Information

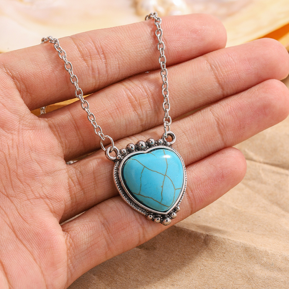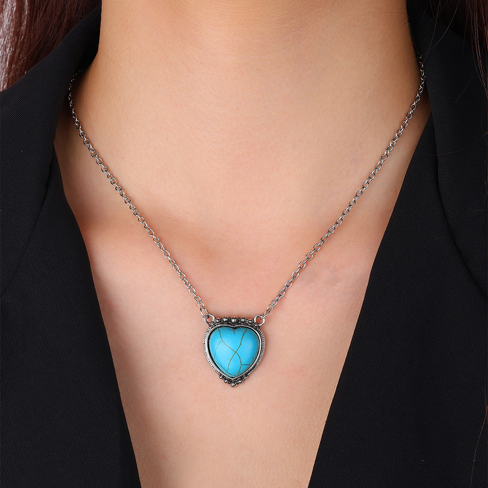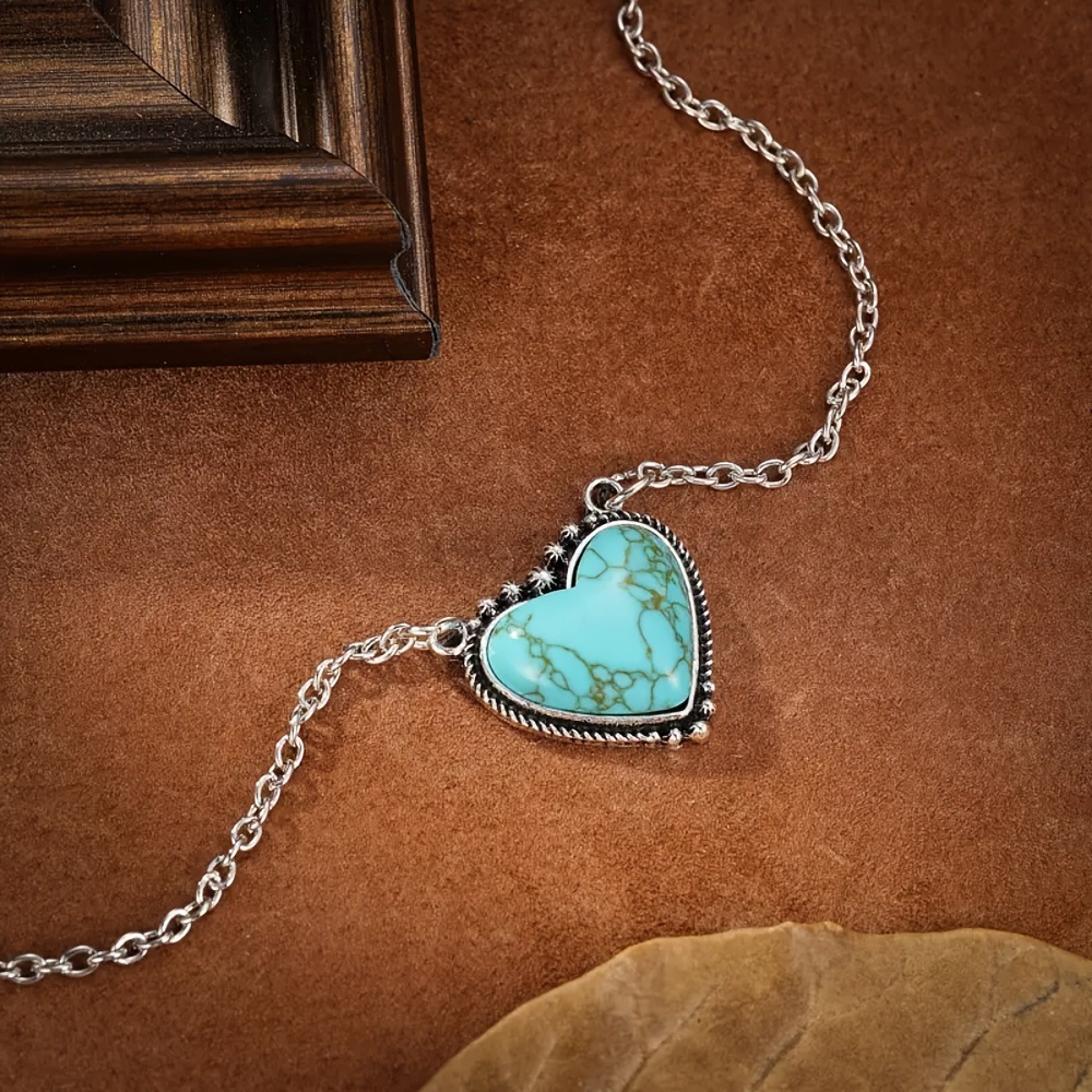 0 Review for Retro Heart-Shaped Turquoise Pendant Necklace
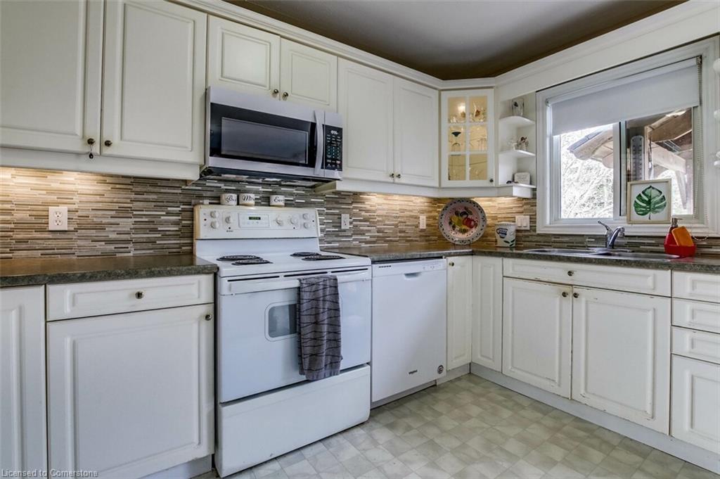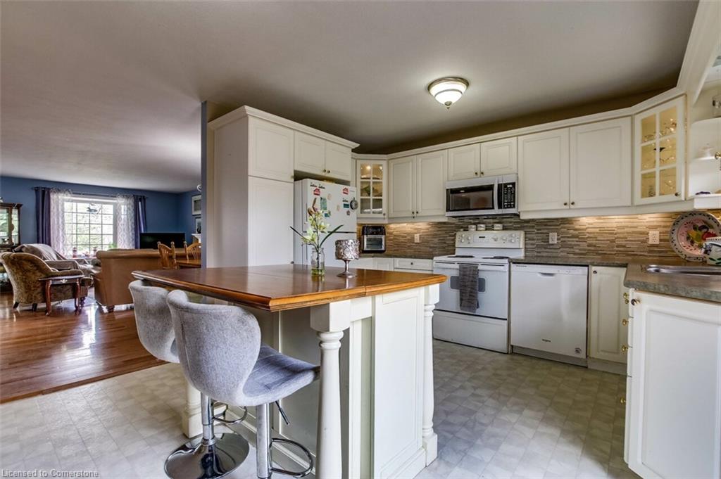 Welcome to this 2-bedroom bungalow, built in 2001 by local builder and ideally situated in a quiet Port Dover neighbourhood. This home boasts an inviting open-concept floor plan, perfect for both everyday living and entertaining. The spacious living room features a cozy natural gas fireplace, while the large kitchen offers ample cabinetry and patio doors leading to a private deck. The oversized main floor bathroom includes ensuite privileges and convenient main-floor laundry, making single-level living effortless. Downstairs, the finished basement offers a generous rec room, a 3-piece bathroom, and two versatile bonus rooms—perfect for a home office, guest space, or hobby area. Outside, enjoy the fully fenced backyard, a double car garage, and the peaceful bonus of no neighbours across the street—just serene views of forest area. Situated central to all Port Dover has to offer, this home is just a quick walk to shopping, cafes, theatre, and the lake.
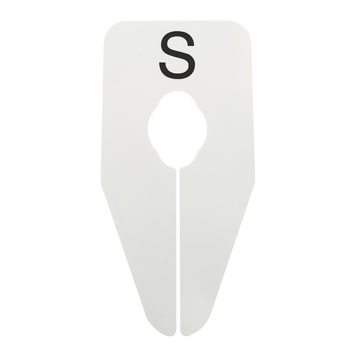 Ovaalvormig maatbordje in het wit met zwarte opdruk S, geschikt om bijvoorbeeld op een kledingrek te bevestigen.
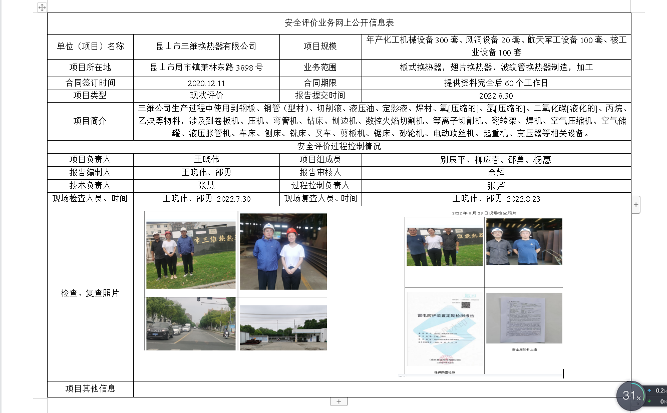 昆山市三维换热器有限公司安全现状评价
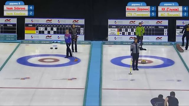 дорожка В: команда Сидоровой - команда Ковалёвой дорожка С: Москва (Доронин) - Санкт-Петербург (Тимофеев)
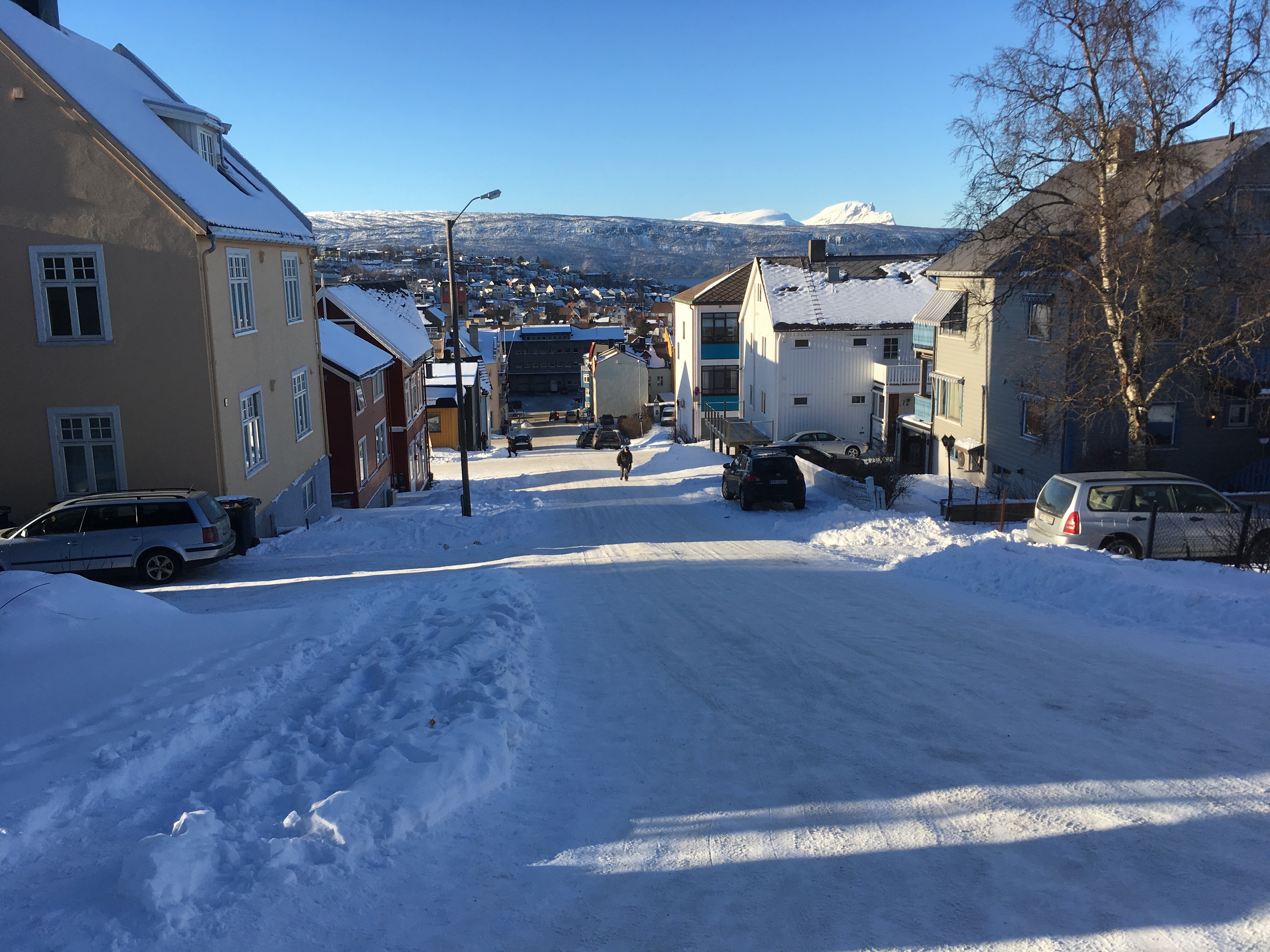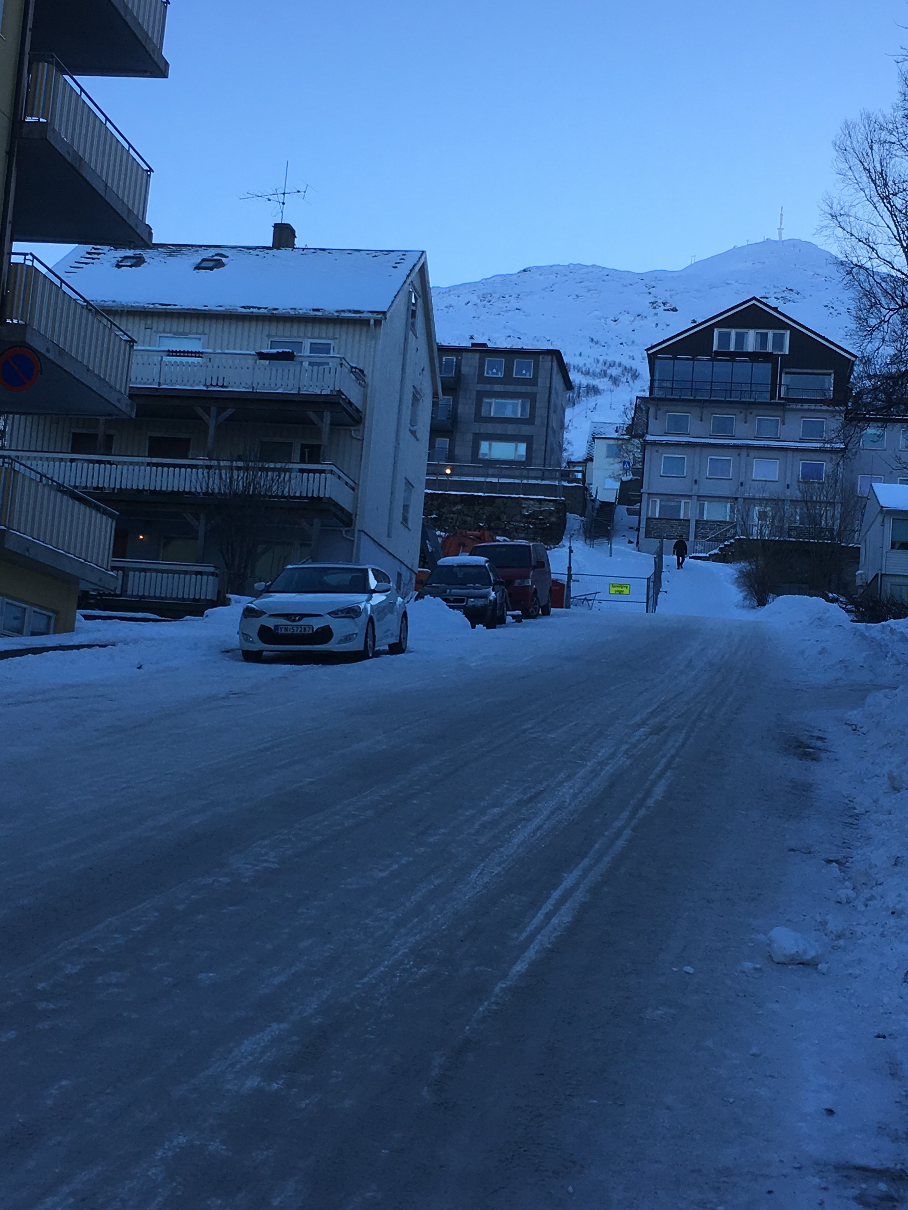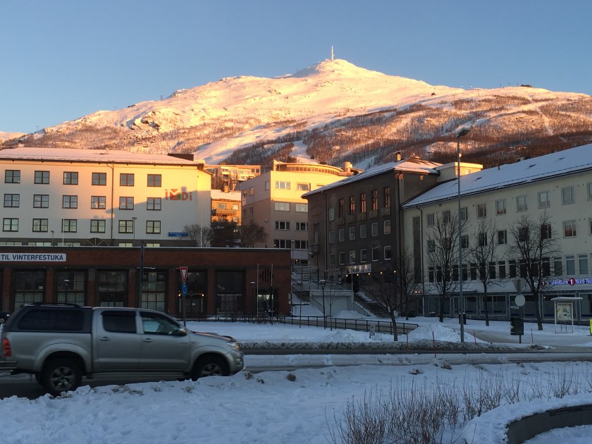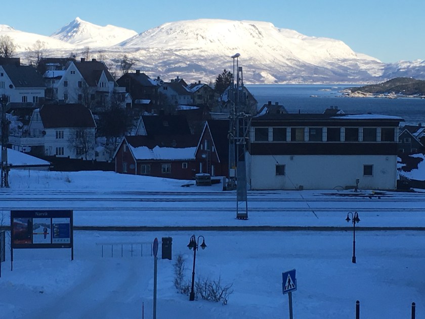 As always when we arrive in a new place it takes us a while to get our bearings. Luckily places like the bus station and train station are usually close together and have visitor information available also the maps app on my iPhone has been invaluable. First impressions of Narvik on leaving the bus station that it is extremely cold, this is the furthest north we have been and it is a long way above the arctic circle so cold was expected. Also there is a lot of snow. The immediate thing that struck us was that every street was uphill, Narvik is built at the base of a mountain on the edge of a fjord.
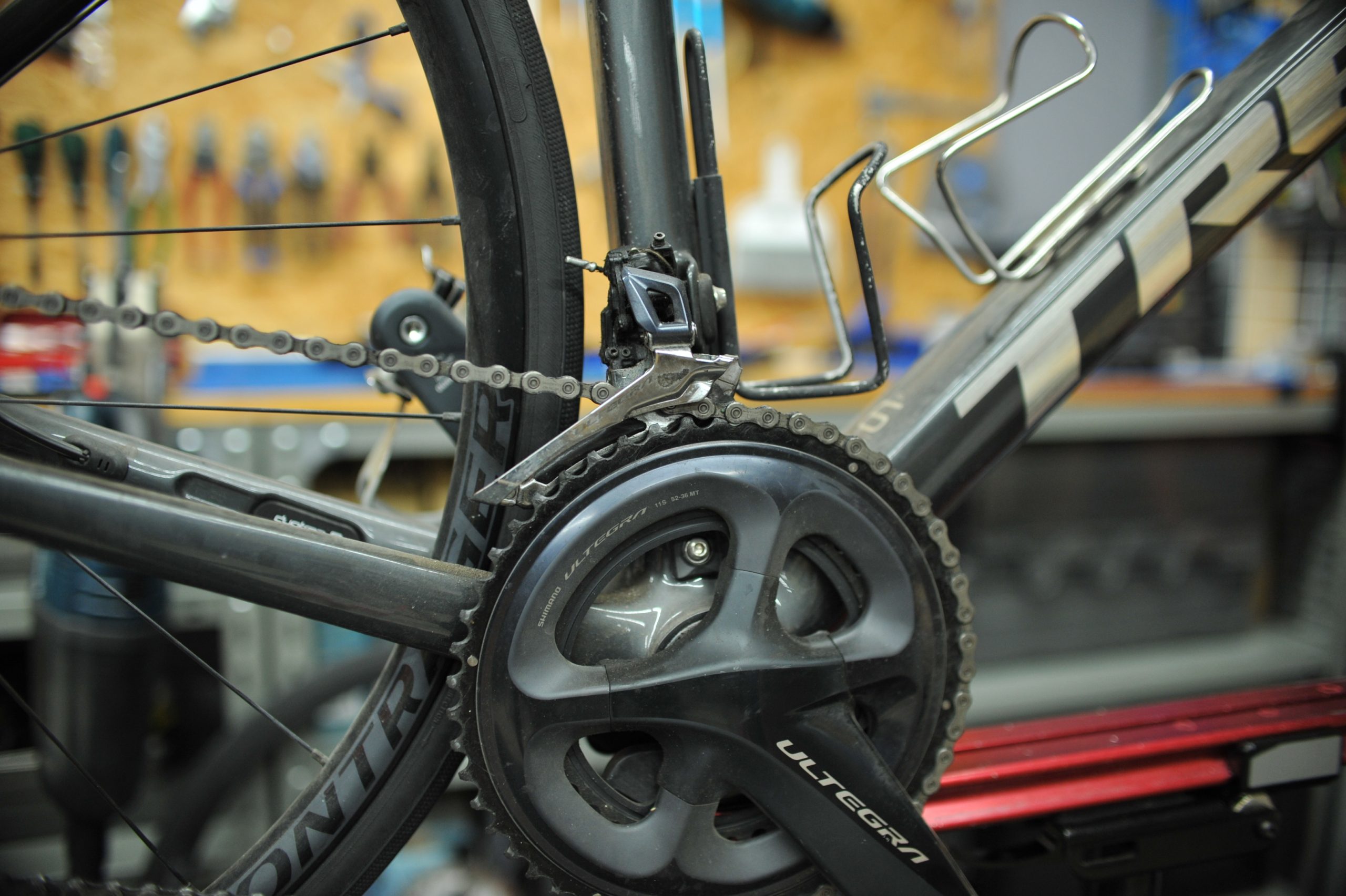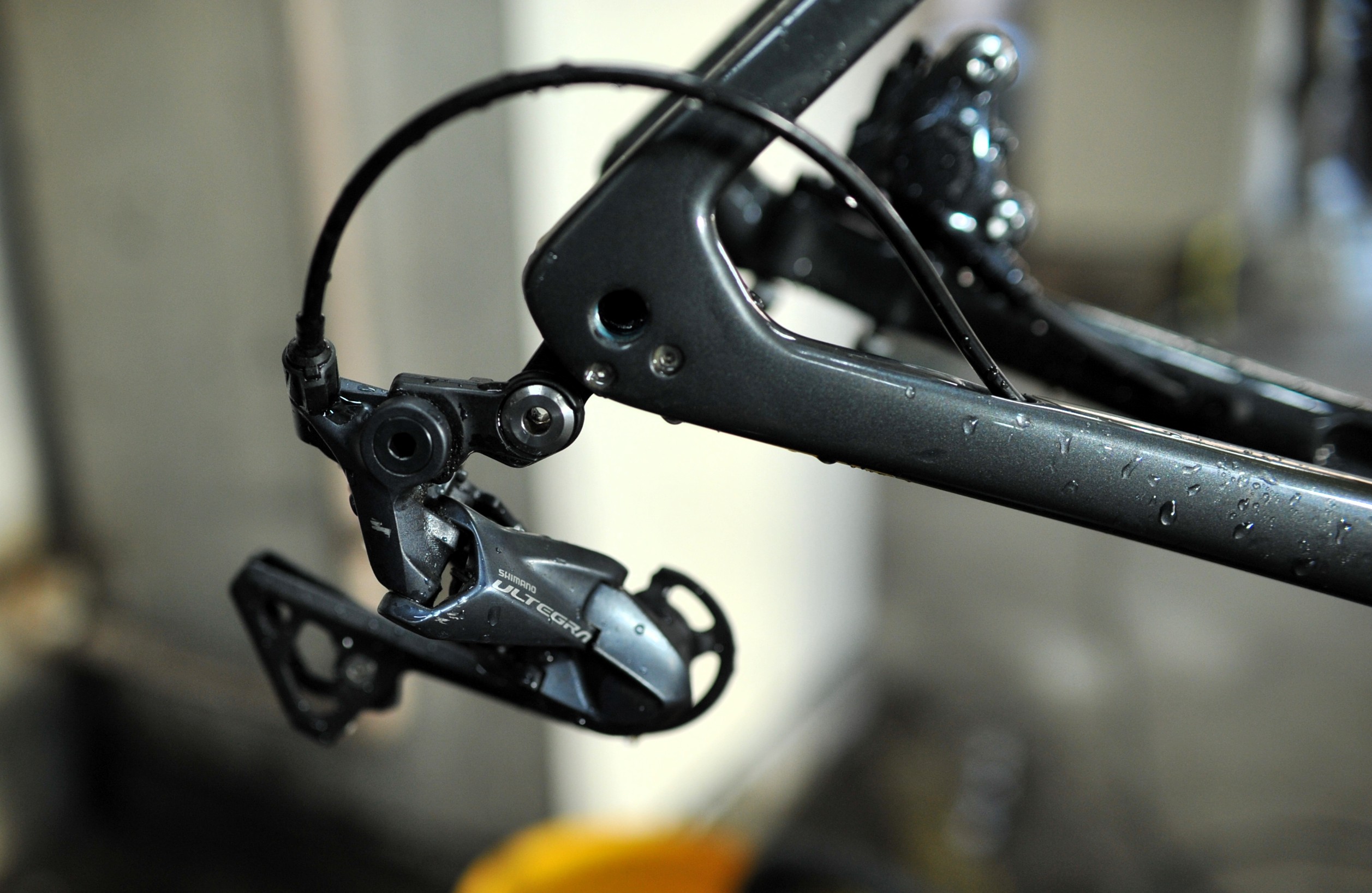 トレック・エモンダ SL6のオーバーホールをスタート。まずは軽くパーツを外して、洗車から入ります。

How to complete this task
Every line above must appear in the answer unchanged, and no picture may appear in it.

Task result
 0 Review for Retro Heart-Shaped Turquoise Pendant Necklace
 Welcome to this 2-bedroom bungalow, built in 2001 by local builder and ideally situated in a quiet Port Dover neighbourhood. This home boasts an inviting open-concept floor plan, perfect for both everyday living and entertaining. The spacious living room features a cozy natural gas fireplace, while the large kitchen offers ample cabinetry and patio doors leading to a private deck. The oversized main floor bathroom includes ensuite privileges and convenient main-floor laundry, making single-level living effortless. Downstairs, the finished basement offers a generous rec room, a 3-piece bathroom, and two versatile bonus rooms—perfect for a home office, guest space, or hobby area. Outside, enjoy the fully fenced backyard, a double car garage, and the peaceful bonus of no neighbours across the street—just serene views of forest area. Situated central to all Port Dover has to offer, this home is just a quick walk to shopping, cafes, theatre, and the lake.
 Ovaalvormig maatbordje in het wit met zwarte opdruk S, geschikt om bijvoorbeeld op een kledingrek te bevestigen.
 昆山市三维换热器有限公司安全现状评价
 дорожка В: команда Сидоровой - команда Ковалёвой дорожка С: Москва (Доронин) - Санкт-Петербург (Тимофеев)
 As always when we arrive in a new place it takes us a while to get our bearings. Luckily places like the bus station and train station are usually close together and have visitor information available also the maps app on my iPhone has been invaluable. First impressions of Narvik on leaving the bus station that it is extremely cold, this is the furthest north we have been and it is a long way above the arctic circle so cold was expected. Also there is a lot of snow. The immediate thing that struck us was that every street was uphill, Narvik is built at the base of a mountain on the edge of a fjord.
 トレック・エモンダ SL6のオーバーホールをスタート。まずは軽くパーツを外して、洗車から入ります。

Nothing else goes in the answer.